I have always felt that too much math can be bad for my health and my heart as well, but for different reasons. Surprisingly, like me, he did not do particularly well in math at school, though the comparisons between us end right there. He was not top of the class in math, and mainly taught himself through books.
He did have a natural flair for numbers, though, which he discovered when he was about eleven years old and which he has refined and cultivated through constantly challenging himself and by developing sophisticated techniques to exploit it. But the foundation of all of these achievements is a unique, personal aptitude combined with a deep passion and commitment. When he is digging around in huge numbers to unearth their roots, Alexis Lemaire is clearly in his Element.
The Three Features of Human Intelligence
Human intelligence seems to have at least three main features. The first is that it is extraordinarily diverse. It is clearly not limited to the ability to do verbal and mathematical reasoning.
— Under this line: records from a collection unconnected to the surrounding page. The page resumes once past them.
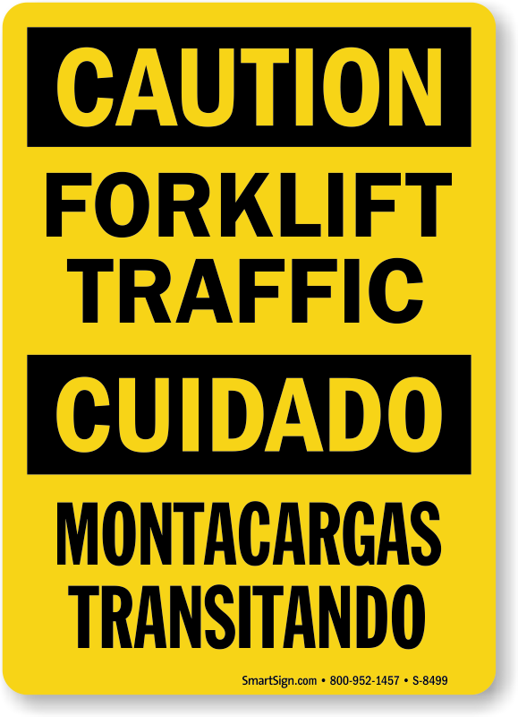 Road traffic includes all vehicles including forklifts. Inform drivers of the potential; combustion with a Caution Forklift Traffic Bilingual safety sign.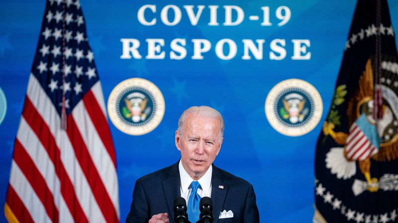 米製薬大手ジョンソン・エンド・ジョンソン(J&J)が開発した新型コロナウイルスのワクチンについて、1億回分の追加購入を表明するバイデン大統領=2021年3月10日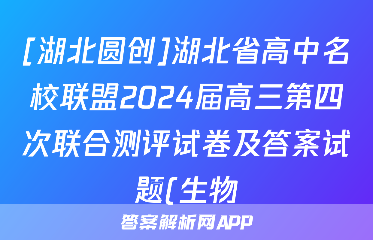 [湖北圆创]湖北省高中名校联盟2024届高三第四次联合测评试卷及答案试题(生物)正在持续更新,目前2024-2025英语周报答案网为大家整理了相关试题及答案,供大家查缺补漏,高效提升成绩。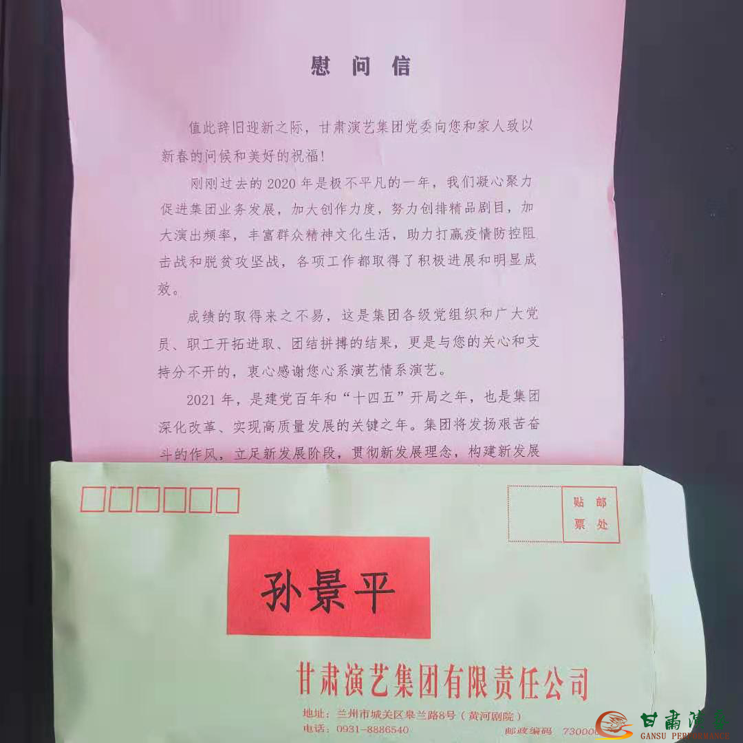 甘肅演藝集團(tuán)話(huà)劇院(甘肅兒童劇院)離退休老黨員、老干部、老藝術(shù)家、特困老同志們對(duì)甘肅演藝集團(tuán)黨委和各級(jí)領(lǐng)導(dǎo)的關(guān)心、關(guān)愛(ài)、關(guān)懷表示了由衷的感謝,更表達(dá)了對(duì)甘肅演藝事業(yè)蒸蒸日上的祝愿,同時(shí),也向甘肅演藝集團(tuán)黨委、領(lǐng)導(dǎo)和所有文藝界的同仁們送上新年的祝福。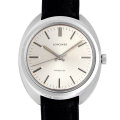 - ロンジンの手巻き“コンクエスト”。「Cライン」と呼ばれるケースデザインが特徴的なモデルです。ムーブメントには手巻きCal.706を搭載。リューズと尾錠にロンジンのロゴマークが刻印されています。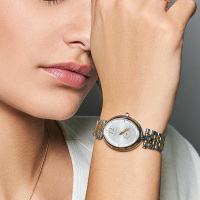 Корпус: Нержавеющая сталь с PVD-покрытием из розового золота. Серебристый циферблат. Сапфировое стекло защищает циферблат с фирменным узором арабески. Размер 26х37,1 мм. Водостойкость 50 м.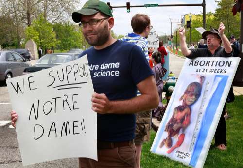 據(jù)報道,奧巴馬支持墮胎和胚胎干細(xì)胞研究立場,觸發(fā)天主教保守派人士和師生不滿。一些活動人士早已誓言干擾奧巴馬在該地的演講。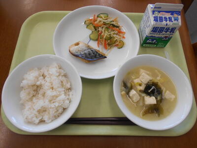今日の献立は『麦ご飯、かき玉汁、イワシの生姜煮、くきワカメのきんぴら』でした。骨まで食べられるほどやわらかく煮込まれたイワシの生姜煮はご飯との相性バッチリ、優しい味のかき玉汁、いろいろな具材と茎ワカメの食感がマッチしたきんぴらと今日も美味しくいただきました。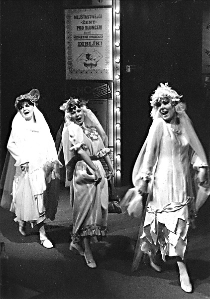 Štorkán ml.:Zdeněk Dvořák; Julínek:Ivo Hyrš; Jarmila:Inka Brendlová; Hustoles:Antonín Smolík; Božka:Libuše Teubnerová; Štorkán st.:Jiří Kalina; Nebuželská:Kateřina Klumparová (alternace); Jarmila Derková (alternace); 1. nevěsta:Irena Chalupová; 2. nevěsta:Alena Röhrlová; 3. nevěsta:Alena Svatošová; Pšáda:Kamil Prachař; Laušman:Radko Choc; Jarda Kapela:Jaroslav Tvrdý (alternace); Jaroslav Sochůrek (alternace); Antonie:Alena Svatošová; Leona:Alena Röhrlová; Anastazie:Irena Chalupová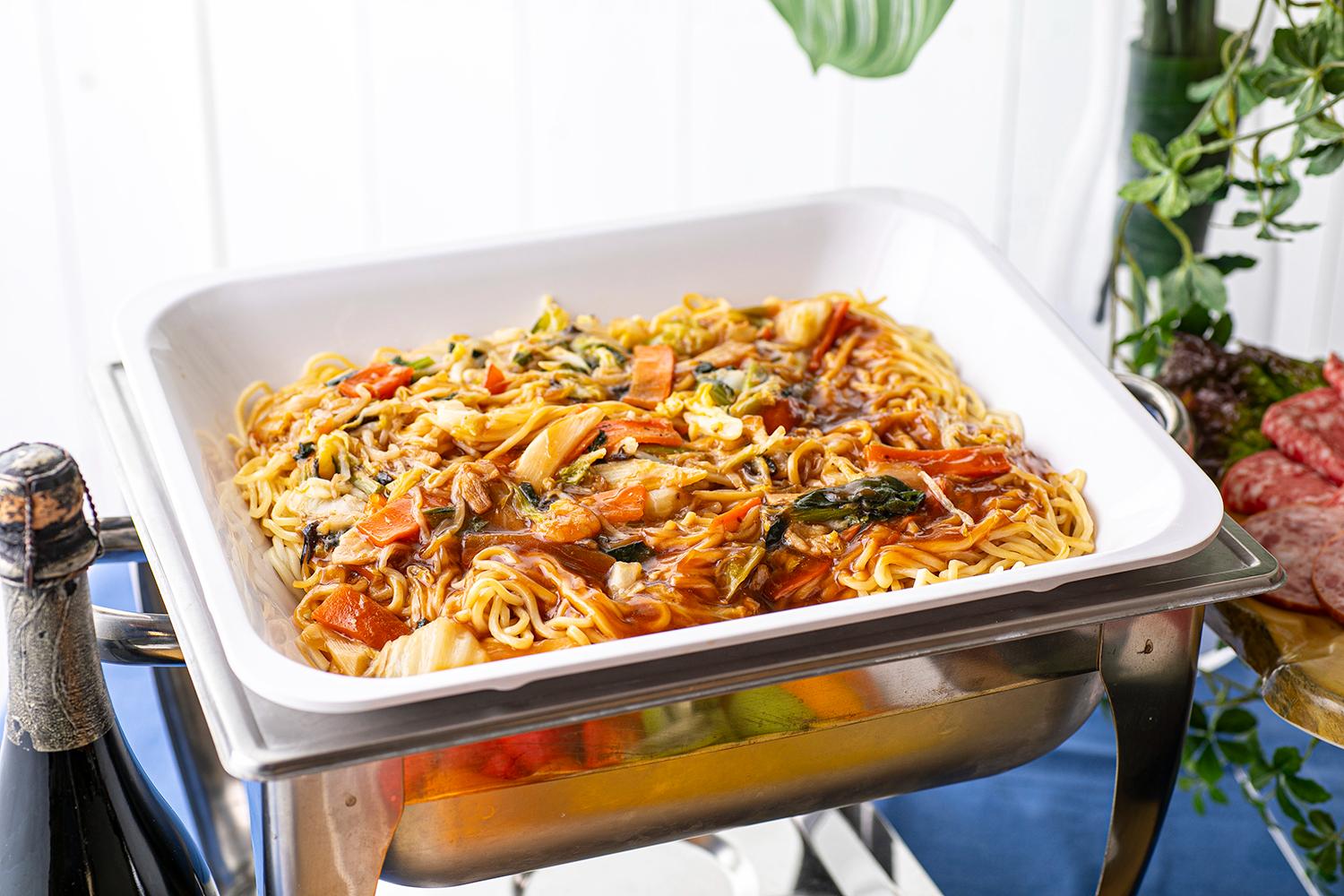 ▼MENU 【温製料理】中華ジャンボ焼売 【温製料理】上海焼そば 【温製料理】焼きめし フィンガーフード ローストビーフ シャルキュトリー カクテルサンドイッテ 握り寿司 フルーツ盛り合わせ |

These skills are important, but they are simply
one way
in which intelligence expresses itself.
Gordon Parks was a legendary photographer who captured the black American experience in a way that few others ever had. He was the first black producer and director of a major Hollywood film. He helped found
Essence
magazine and served as its editorial director for three years. He was a gifted poet, novelist, and memoirist. He was a talented composer who created his own form of musical notation to write his works.
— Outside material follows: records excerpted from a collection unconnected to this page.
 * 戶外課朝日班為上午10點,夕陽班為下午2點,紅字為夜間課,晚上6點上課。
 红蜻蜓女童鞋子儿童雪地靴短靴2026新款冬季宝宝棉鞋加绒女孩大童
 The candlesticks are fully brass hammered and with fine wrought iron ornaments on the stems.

And he was professionally trained at none of this.
In fact, Gordon Parks barely attended high school. Parks’s mother died when he was fifteen, and soon after, he found himself on the streets, unable to graduate. The schooling he did get was discouraging—he often mentioned that one of his teachers told her students that college would be a waste for them since they were destined to become porters and house cleaners.
Still, he used his intelligence in ways few could match. He taught himself to play the piano and this helped him make some money to get by in his late teens. A few years later, he bought a camera from a pawnshop and taught himself to take pictures. What he learned about film and writing came largely from observation, an intense level of intellectual curiosity, and an off-the-charts ability to feel for and see into the lives of other people.
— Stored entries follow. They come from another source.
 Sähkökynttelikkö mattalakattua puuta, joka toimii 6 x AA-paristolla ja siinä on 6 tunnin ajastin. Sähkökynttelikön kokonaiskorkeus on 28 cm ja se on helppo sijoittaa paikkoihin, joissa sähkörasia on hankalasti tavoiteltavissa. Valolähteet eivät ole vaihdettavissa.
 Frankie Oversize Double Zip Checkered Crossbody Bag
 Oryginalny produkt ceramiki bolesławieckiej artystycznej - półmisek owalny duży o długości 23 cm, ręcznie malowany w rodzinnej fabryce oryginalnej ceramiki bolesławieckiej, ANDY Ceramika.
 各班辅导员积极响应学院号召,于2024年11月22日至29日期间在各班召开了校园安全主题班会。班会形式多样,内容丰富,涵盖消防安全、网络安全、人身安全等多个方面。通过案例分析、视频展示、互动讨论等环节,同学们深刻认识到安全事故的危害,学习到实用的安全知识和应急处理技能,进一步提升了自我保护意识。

“I just kept on and on,” he said in an interview at the Smithsonian Institute, “and I had an indomitable courage as far as getting started in photography was concerned. I realized I liked it and I went all out for it. My wife at this time was sort of against it and my mother-in-law, as all mothers-in-law are, was against it. I spent this dough and decided to get myself some cameras. That’s just about what happened. I had a tremendous interest and I just kept plugging away and knocking at doors, seeking out encouragement where I could get it.”